• _Assignment_:
Beginning with the line containing "- The bike you", transcribe every line exactly down to the last one in the records below, and drop the pictures.

• _Dataset entries_:
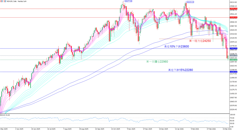 纳指100:油价飙升令交易员大幅押注美联储货币政策转向,特朗普屡次挑战现有国际秩序,引发资金从美国外流,美股三大股指全面下挫,纳指100自高位下跌12.6%。本周关注伊朗战争最新动向以及非农数据是否加剧加息预期,美股近期料持续承压,本周关注第一支撑位22960点以及高位下跌15%目标位22280点。【支撑位:22960/22280;阻力位:23600/24250】
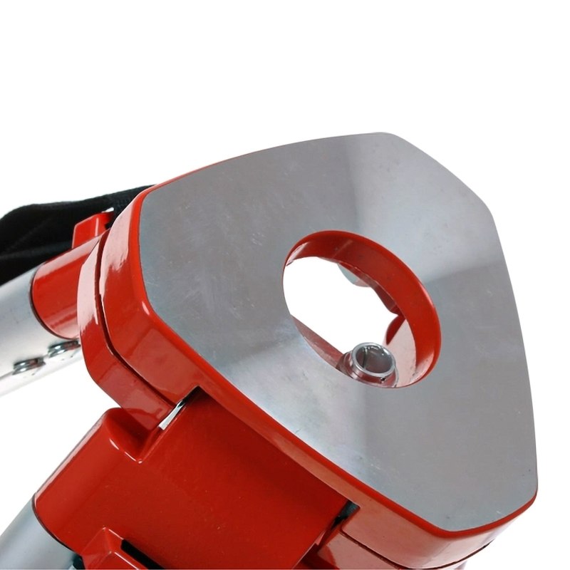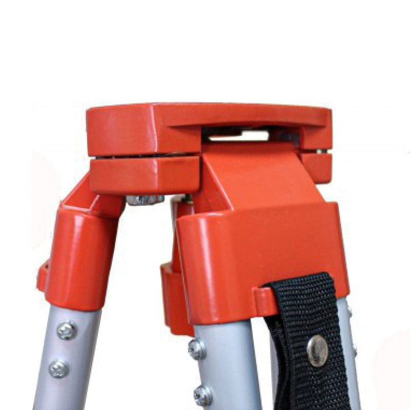 Некоторые элементы конструкции окрашены в яркий оранжевый цвет, а на стойки нанесены контрастные полосы. Такое оформление делает треногу более заметной и повышает безопасность работ на стройплощадке.
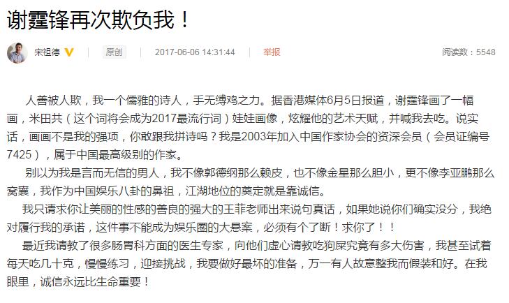 为反击谢霆锋的调侃,宋祖德日前发出最后通牒,要求谢霆锋拿出铁证,他便愿意在张柏芝生日5月24日当天直播吃屎,但却不了了之。昨谢霆锋在脸书分享自己的涂鸦作品,笑说:“其实我觉得自己画画有一点天赋,特别是在开会的时候”,而网友发现他画的正是米田共,似乎在隔空喊话,要宋祖德实现诺言。
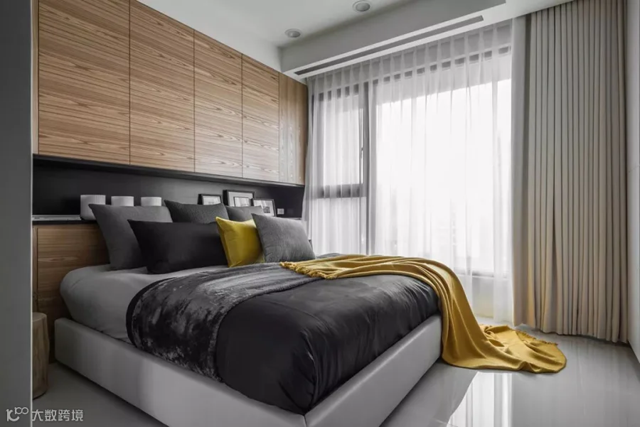 细水长流的生活,也要有偶尔的一次精彩绝伦,有层次的陈列营造了唯美的视觉画面,极简现代的卧室。
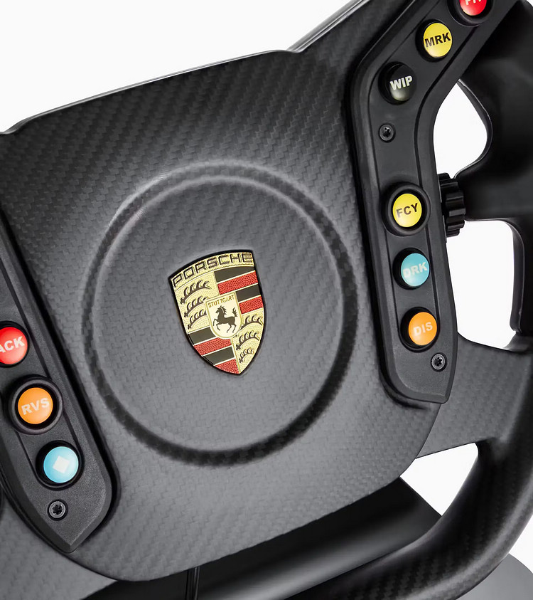 這組賽車電玩方向盤是以992世代911 GT3 Cup賽車配置的方向盤為基礎所設計,無論造型與功能都是忠實複製,並且標榜兩者採用相同的材質和製造方式,因此耐用性和握感防滑性能都與真品完全相同。
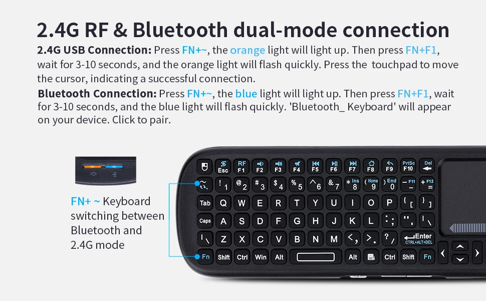 1.Presione FN+~ para cambiar de modo: luz naranja para wifi, azul para bluetooth
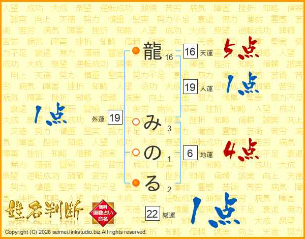 龍みのるさんの総運は22画の1点!
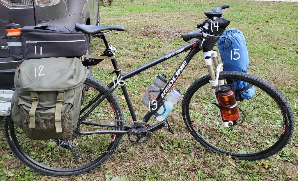 - The bike you have will do. Some of the routes are more off road than others but consideration of gearing + 20-40 lbs of gear on your bike is a more important factor for determining the highest level of enjoyment. Don’t feel pressure to buy the perfect bag set up just yet, it’s a process of figuring out what works best for each situation. That’s how I ended up with enough bags and gear to outfit three bikes at the same time! Benefit from my years of experience and consider using bags from my local gear library!
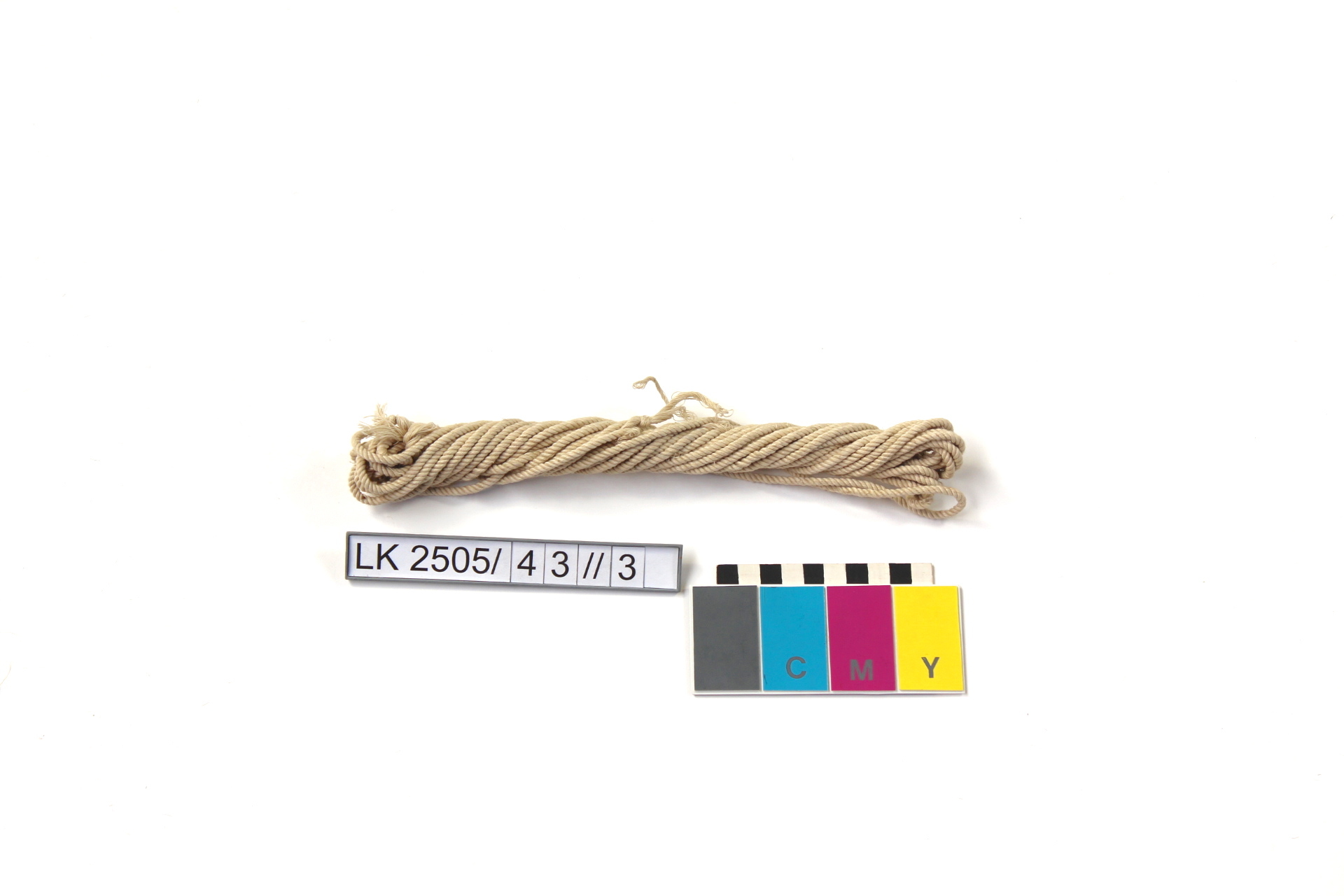 Kordelstrang gedreht, weiß; Konvolut aus fünf Schnüren unterschiedlicher Farbe und Stärke; sie dürften als Ausgangsstoff für die Erzeugung von Kordeln oder Bordüren gedient haben;

• _Finished task_:
 - The bike you have will do. Some of the routes are more off road than others but consideration of gearing + 20-40 lbs of gear on your bike is a more important factor for determining the highest level of enjoyment. Don’t feel pressure to buy the perfect bag set up just yet, it’s a process of figuring out what works best for each situation. That’s how I ended up with enough bags and gear to outfit three bikes at the same time! Benefit from my years of experience and consider using bags from my local gear library!
 Kordelstrang gedreht, weiß; Konvolut aus fünf Schnüren unterschiedlicher Farbe und Stärke; sie dürften als Ausgangsstoff für die Erzeugung von Kordeln oder Bordüren gedient haben;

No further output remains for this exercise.